Case 2: Create an index on (l_orderkey,l_shipdate), use index access, and avoid sorting, with a cost of 228.401.

-> Group aggregate: sum(lineitem.L_QUANTITY)  (cost=30055.35 rows=148473) (actual time=0.067..228.401 rows=149413 loops=1)
    -> Index scan on lineitem using lshipdate_idx3  (cost=15208.05 rows=148473) (actual time=0.052..194.479 rows=149814 loops=1)

Avoiding Table Lookup

When all the columns in a query are in the index columns, the database only needs to access the index to obtain the required data, avoiding table lookups.
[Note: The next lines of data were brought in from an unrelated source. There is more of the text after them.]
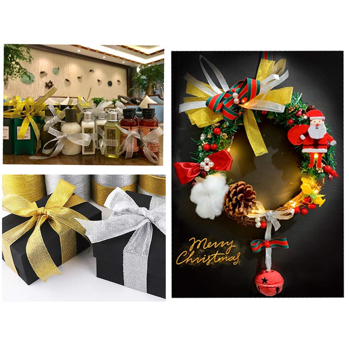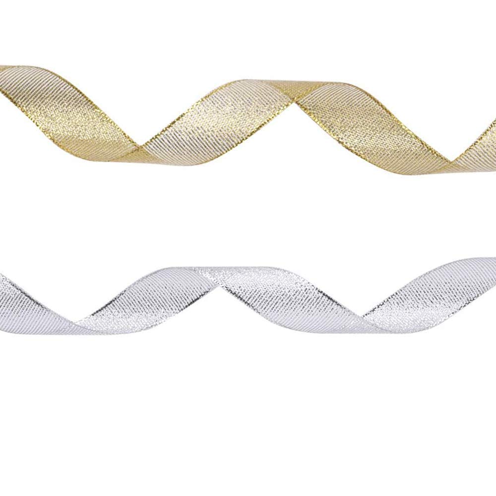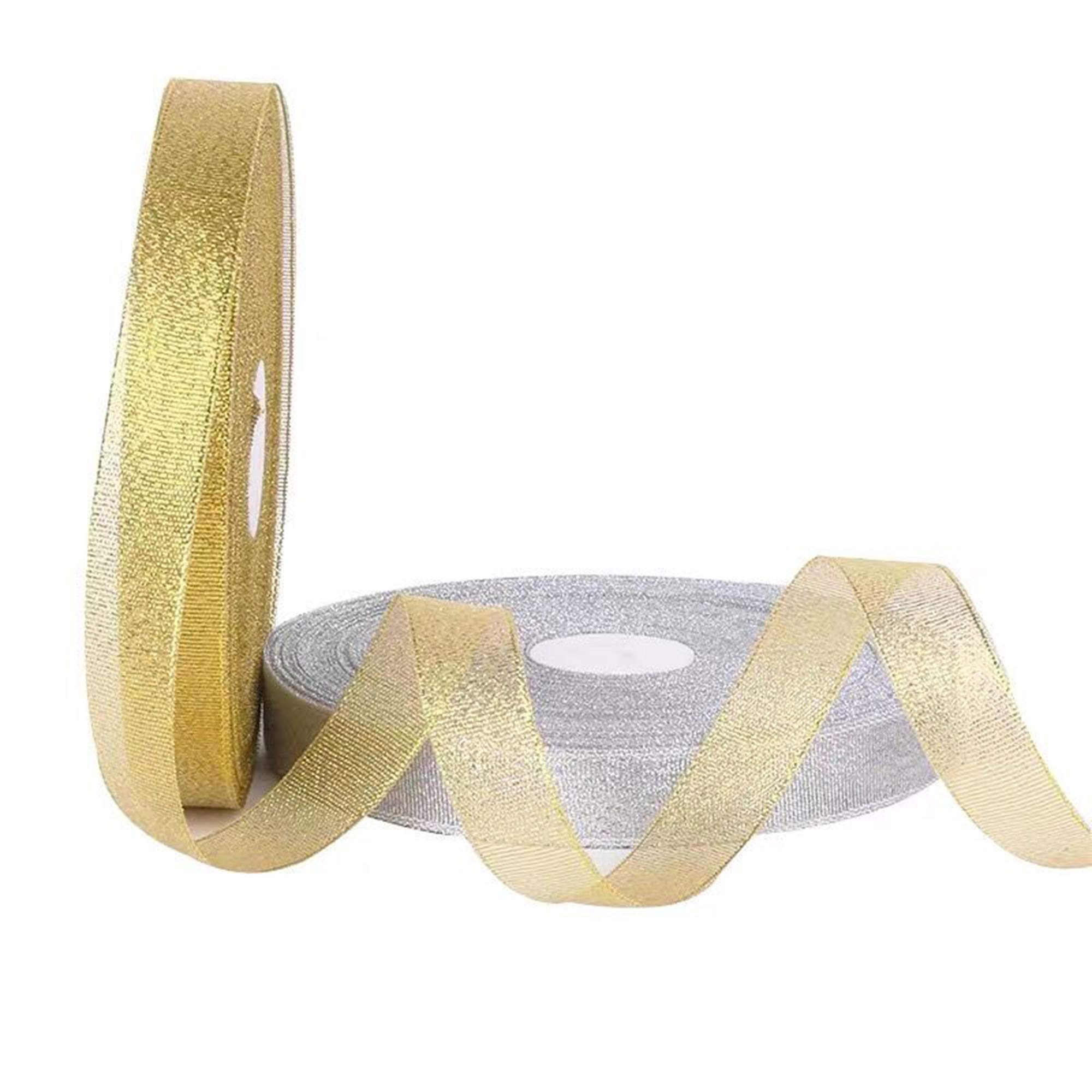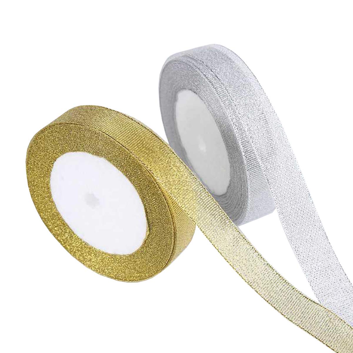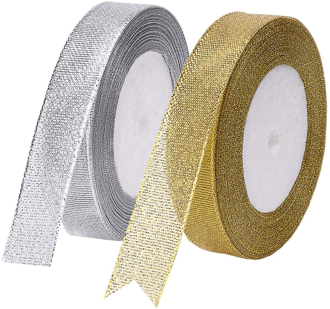 It is including 2 pack organza gold and silver ribbons, 25 yard(22 meters) long per roll, 15mm wide, it's enough for you to finish your craft DIY work or event decoration.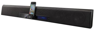→関連記事:液晶テレビにサブウーファーを繋ぐ一度このブログでも取り上げたが、我が家の場合、リビングの液晶テレビは、内蔵のスピーカーに、センターウーファーのみを追加して、映画や音楽番組を見るときだけ、センターウーファーをONにして使用している。なぜ、センターウーファーだけでいいのか?というと、まず、使っている液晶テレビが、フルレンジ(全音域用スピーカー)+ツイーター(高音域用スピーカー)の構成になっており、簡易スペアナで計測しても、高域はそれなりに出ており、それに比べて、圧倒的に120Hz以下の低音域が出ていないことが判明していたから、低音域のみを増強するスーパーウーファーを追加するだけで、シアターに近い気分が得られるだろう事が予想できたからだ。低音域は、高域に比べて音の指向性が低いため、ステレオである必要性はあまりない。なので、センターウーファーと呼ばれるスピーカーが一つあればよく、置く場所も必ずしも真ん中である必要性はないため、狭いリビングでも設置しやすい。さらには、たまたまだが、我が家の液晶テレビには、センタースピーカー専用出力端子まで用意されているため、他の端子を潰さなくても、センタースピーカーを接続できるという利点があった。そのため、ジャンクで手に入れたアイワのセンターウーファーを購入し、これまで使ってきたのだ。実際、超低音を補強するだけで、アクション映画やSF映画の迫力あるシーンの効果音や環境音の迫力が全然違ってくる。ただ、ニュースやバラエティでは、逆に人の声が聞きにくくなるため、普段はOFFにしている。時々しか使わないことを考えると、なかなかコストパフォーマンスがいいアップグレードの方法だと思っている。もちろん、もっといいスピーカーを付ければ、さらにいい音が出るのは分かるのだが、独立したスピーカーは、狭い我が家のリビングでは置き場所に困るし、子供が蹴飛ばして壊しかねない。テレビラックに一体化したオーディオシステムもあって、確かに邪魔にはならないが、高価な上に、故障して回復不能になったときに、ラック自体も廃棄する必要があることを考えると、手を出しにくい。なので、これ以上、スピーカーをアップグレードしたいとは思っていなかった。ただ、最近、この製品を見て、これなら買ってもいいかな、と思えたのでご紹介したい。ビクター、iPod/HDMI対応モデルなどバースピーカー3種 -TVスタンドをまたいで設置。SRS StudioSound HD搭載これは、テレビ台の上に置くステレオスピーカーで、ただ、ベタで置くのではなく、高さ調整可能な足がついていて、テレビのスタンドを跨いで置くことができるようになっているため、邪魔にならない。テレビのスタンド部分にリモコン受光部がある製品のために、この製品でいったんリモコン信号を受けて、それをテレビのリモコン受光部にスルーして出してくれる機能もあるのは親切だ。スピーカー部は、8cmのコーン型ウーファ×4と、2.5cmのバランスドーム型ツィータ×2を搭載した2ウェイ6スピーカー。小口径のスピーカーをパラレルに並べることで、振動板面積を確保し、低音域の音量を確保する、省スペースのAVスピーカーにはよくあるタイプだ。アンプはデジタルアンプで、最大出力は30W×2ch。SRS StudioSound HDも搭載し、フロントスピーカーだけで、擬似的なサラウンド再生もできる。スペックから見ると、100Hzぐらいまでの低音は出るようなので、ロック、JPOPなどの音楽は問題なく使えそう。超低音が含まれる映画やオーケストラを聴くなら、スーパーウーファーを追加した方がいいだろう。 それを考慮して、センターウーファー用出力端子もしっかり備えており、抜かりはない。入力端子は、光デジタル×1、同軸デジタル×1、アナログ音声×1を装備する。さらに、TH-BC3ならHDMIのリターンチャンネルにも対応するため、どんなテレビでもつなげられるだろう。当然、テレビにデジタル出力があれば、デジタルで接続した方が、一般的には音はいい。TH-BC2/3は、iPhone/iPod用ドックを前面中央に装備し、付属のリモコンで操作しながら、iPhone/iPodの音楽を再生することもできる。さらに、コンポジットビデオ端子をテレビにつなげば、iPhoneの動画をテレビで見ることもできる。しかも、最上位モデルのTH-BC3では、入力2系統/出力1系統のHDMIも装備し、3D映像のパススルーやオーディオリターンチャンネルに対応する。また、HDMI CEC(メーカーが○○リンクとかいうやつの基本コマンドのみ)にも対応しているため、テレビのリモコン操作と連動し、電源ON/OFFやボリューム調整、入力切り替えが行えるとのこと。我が家のテレビは古くて、HDMIのオーディオリターンチャンネルに対応していないし、CECにも対応していないので、HDMI入出力端子にはあまり魅力は感じないので、3.6万円程度という価格は結構高く感じる。一方、TH-BC2だと、単なる外部スピーカーではなく、iPhoneをAV機器としてフルに活用することもできる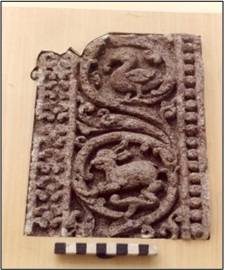 | Description / विवरण | The sculptural fragment is a creeper scroll depicting inside its circles a have and a duck. |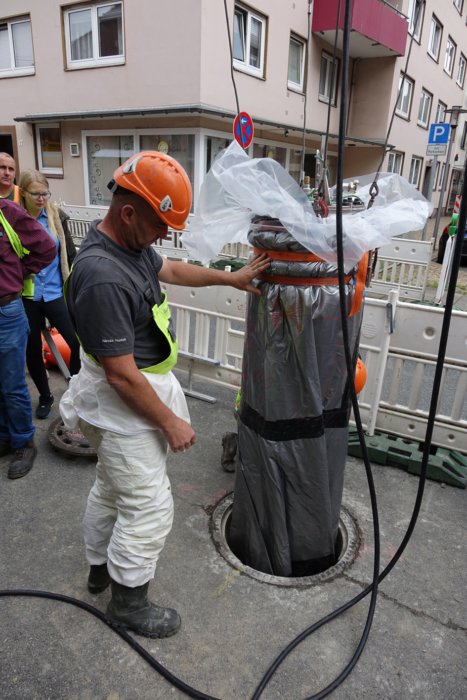 Das Ganze dauert gerade einmal zwei bis drei Stunden – ein Aspekt, von dem sich neben den Auftraggebern auch die Gäste im Rahmen der Baustellenpräsentation überzeugen konnten. „Nach den entsprechenden Vorbereitungen ist der eigentliche Einbau in rund einer halben Stunde erledigt“, erklärt Richard Mohr, DIRINGER&SCHEIDEL ROHRSANIERUNG GMBH & Co. KG.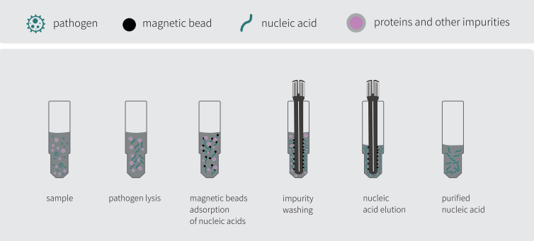 It is used to eficiently obtain pure nucleic acid from samples, which greatly reduces amplification interference and ensures detection sensitivity.

In some scenarios, this can greatly improve query efficiency.

For the following SQL statement:

select l_shipdate, l_orderkey,  sum(l_quantity) as sum_qty from lineitem group by l_orderkey,l_shipdate;

Index on (l_orderkey,l_shipdate) does not include l_quantity, a table lookup is required, with a cost of 194.875.

-> Group aggregate: sum(lineitem.L_QUANTITY)  (cost=30055.35 rows=148473) (actual time=0.044..194.875 rows=149413 loops=1)
    -> Index scan on lineitem using lshipdate_idx3  (cost=15208.05 rows=148473) (actual time=0.034..159.863 rows=149814 loops=1)

Index on (l_orderkey,l_shipdate,l_quantity) includes l_quantity, no table lookup is needed, with a cost of 113.433, resulting in a performance improvement of approximately 71.8%.

-> Group aggregate: sum(lineitem.L_QUANTITY)  (cost=30055.35 rows=148473) (actual time=0.035..113.433 rows=149413 loops=1)
    -> Covering index scan on lineitem using lshipdate_idx4  (cost=15208.05 rows=148473) (actual time=0.026..82.266 rows=149814 loops=1)

Other Related Topics

Indexes for Partitioned Tables

For partitioned tables, different databases support different types of indexes. Generally, partitioned tables can have the following three types of indexes:

Local partitioned indexes (PostgreSQL/MySQL/Oracle/Opengauss)
Global partitioned indexes (Oracle)
Global non-partitioned indexes (Oracle/Opengauss)

Local Partitioned Indexes

In terms of index maintenance, local indexes are easier to manage than global indexes. When you add, delete, or truncate a table partition, local indexes will automatically maintain their index partitions. MySQL and PostgreSQL only support local partitioned indexes; when creating local partitioned indexes in Oracle and Opengauss, the keyword local needs to be specified.

create index lshipdate_idx on lineitem(l_shipdate) local;

Global Partitioned Indexes

Similar to table partitioning, the partition key for the index and the partition key for the table do not necessarily have a relationship, and even non-partitioned tables can have global partitioned indexes. Oracle supports global partitioned indexes.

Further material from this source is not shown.